Archie Lee retorna para casa desanimado ao saber que fora traído por Vacarro,
que conseguira a peça que faltava para a máquina. Quando chega em casa, encontra
Baby Doll de camisola e Vacarro, descontando sua fúria em Tia Rose, afirmando
que já faz muito tempo que ela se encontra na casa dele. Vacarro convida tia
Rose para morar com ele. Completamente fora de controle, Archie Lee pega a
espingarda e procura matar Vacarro, que se esconde numa árvore com Baby Doll.

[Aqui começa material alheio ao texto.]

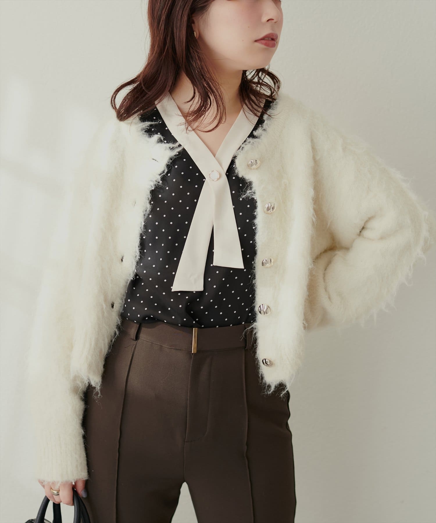 こだわりの胸元で留めるボタンは、取り外しが可能で2WAYなっておりシーンや気分によって変えてお楽しみ頂けます。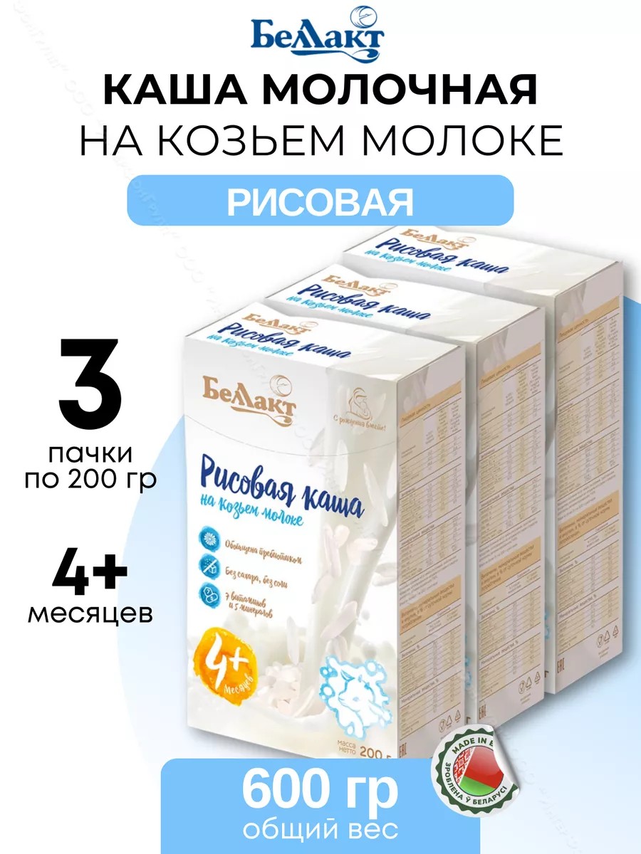Ведущее белорусское предприятие Беллакт уже несколько десятилетий выпускает экологически чистое, качественное детское питание. Предлагаем вашему вниманию кашу рисовую молочную от этого бренда! Она изготовлена по инновационной технологии и предназначена для первого прикорма младенцев, начиная с 4 месяцев. Относится к премиум-классу, не содержит сахара, соли и вредных добавок, служит для малышей важным источником углеводов. Козье молоко максимально приближено к материнскому грудному, реже вызывает проблемы с пищеварением и аллергии. По мере роста ребенка нужно разнообразить его повседневный рацион, чтобы организм получал сбалансированное меню с необходимыми для полноценного развития микроэлементами и минералами. Поэтому производитель сделал все возможное, чтобы его злаковый зерновой продукт был полезен и хорошо усваивался маленькими детьми. Быстрорастворимая сухая смесь выполнена на растительной и полностью натуральной основе. В ней присутствует богатый витаминный и минеральный комплекс ( А, В, С, Д, Е, РР, кальций, железо, йод, натрий, цинк) и содержится пребиотик инулин, который положительно влияет на состав и активность бифидо- и лактобактерий, способствует стимуляции переваривания пищи, образованию жирных кислот и повышению иммунитета. Это блюдо понравится не только крохам, но и ребятишкам постарше. Младенцам его можно давать даже в ночное кормление, а детсадовцам и ученикам - готовить на завтрак перед школой и садиком.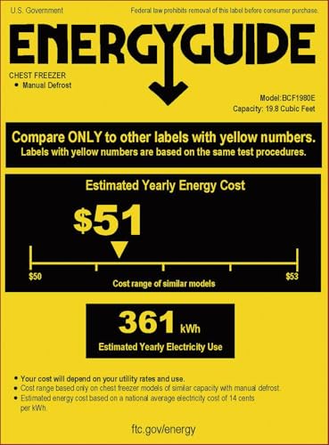 Deep Freezer Storage: Large 19.8 cu. ft. capacity holds a substantial amount of frozen foods including cold meat, frozen dinners and ice cream. Keeps perishables frozen for your home or garage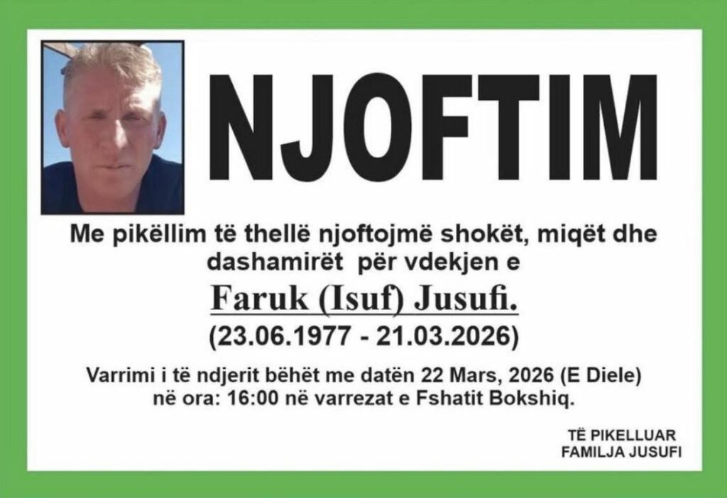 Kjo u bë e ditur nga fshati Bokshiq, ku thuhet se varrimi bëhet në ora 16:00, në varrezat e fshatit.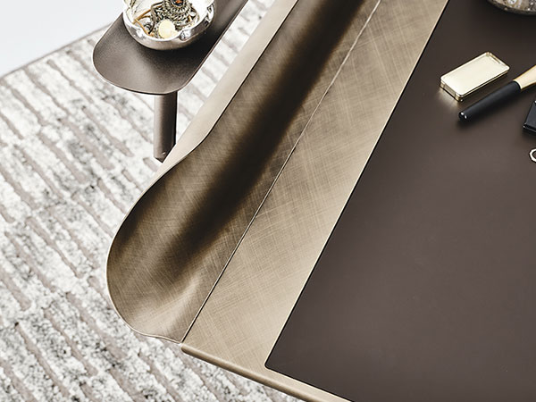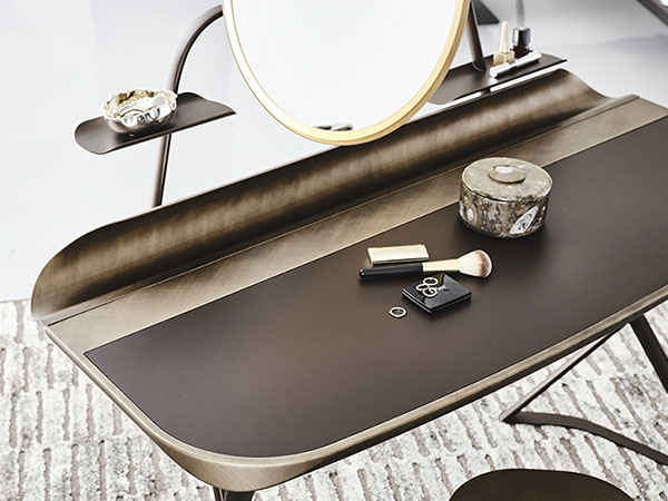 Dressing desk with base in titanium (GFM11), bronze (GFM18) or black (GFM73) embossed lacquered steel. Top in leather as per sample card with Brushed Bronze or Brushed Grey lacquered and rounded lower profile and grooved tray in Brushed Bronze or Brushed Grey lacquered steel. Mirror with frame in titanium (GFM11), bronze (GFM18), black (GFM73), Brushed bronze or Brushed Grey embossed lacquered steel with lateral supports and shelves in titanium (GFM11), bronze (GFM18) or black (GFM73) embossed lacquered steel. LED light.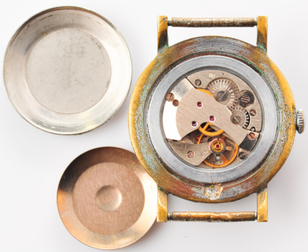 Mentions sur le calibre : seventeen 17 jewels 2009.1A sur le rochet, SU (Soviet Union) sur le pont.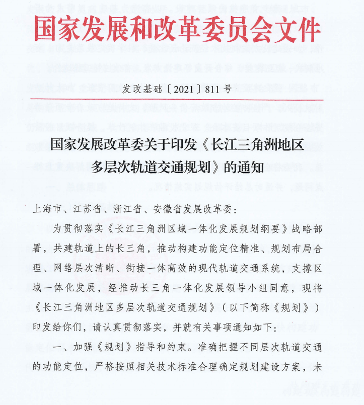 建设交通强国已成为中国未来交通运输发展的重点目标。铁路建设规划综合消息:近日,国家发改委正式印发《长江三角洲地区多层次轨道交通规划》(发改基础[2021]811号)。

Com a chegada do delegado (Hogue), Vacarro aproveita a ocasião para ir
embora, frustrando tanto os planos de Baby Doll quanto de Tia Rose, enquanto
Archie Lee vai passar a noite na cadeia.
Mais um exemplar
da notável ruptura do cinema americano na década de 50 com temas que apenas
endossavam o american way of life, apresentando um dos retratos mais
cruéis da decadência moral e econômica já vistos na tela. O roteiro, escrito
por Tennessee Williams (uma das figuras de proa nessa conversão do cinema
americano do final dos anos 50 e início de 60), explora com a habitual
habilidade a insegurança e fraqueza de caráter de seus personagens masculinos
contrapostas a mulheres de personalidade forte e grande energia sexual. A cena
em que Doll e Vacarro se encontram no balanço, o apelido de “Big Shot” com que
Doll chama Archie Lee e a satisfação com que Doll e Vacarro se deliciam com o
pão molhado na sopa, demonstram a perversa e pseudo-subterrânea aproximação de
alguns filmes da época com relação ao sexo, talvez mais impactante que a dos
filmes atuais. O conflito final em que os quatro personagens principais se
encontram na sala de jantar possui uma carga de tensão dramática hipnótica que
lembra o ainda mais teatral Quem Tem Medo de Virginia Woolf?(1966), de Mike Nichols. Aqui a teatralidade surge tanto na
valorização dos diálogos sobre o tratamento visual (mesmo com a bela e ensolarada
fotografia de Kaufman) como na interpretação destes, com o pretenso naturalismo
de então soando hoje como mais um desenvolvimento dramatúrgico proveniente do
teatro, assim como no centramento espacial - a maior parte da ação transcorre
na casa de Archie Lee- e temporal - em não mais que dois dias e duas noites. Os
personagens, no entanto, não possuem um maior aprofundamento psicológico e ao
acentuar apenas o lado grotesco deles, Williams parece se aproximar, em certos
ângulos, da atmosfera dos romances naturalistas brasileiros do final do século XIX,
com o autor descrevendo a partir de um patamar moral mais elevado todas as
taras e fraquezas dos mesmos. O final, parece um tanto quanto
truncado, com o desaparecimento inexplicável de Vacarro. Curiosamente, ao
contrário da maior parte dos filmes de então - inclusive das adaptações de
Williams para o cinema - o filme se recusa a apontar soluções ou acenar para um
happy end. Malden e Baker estão
excelentes, ele sendo o retrato da própria frustração paranóica, ela passando
da ingenuidade a mais pura malícia. O mesmo não se pode dizer de Wallach, que
faz um siciliano demasiado caricato. Newtown Productions. 114 minutos.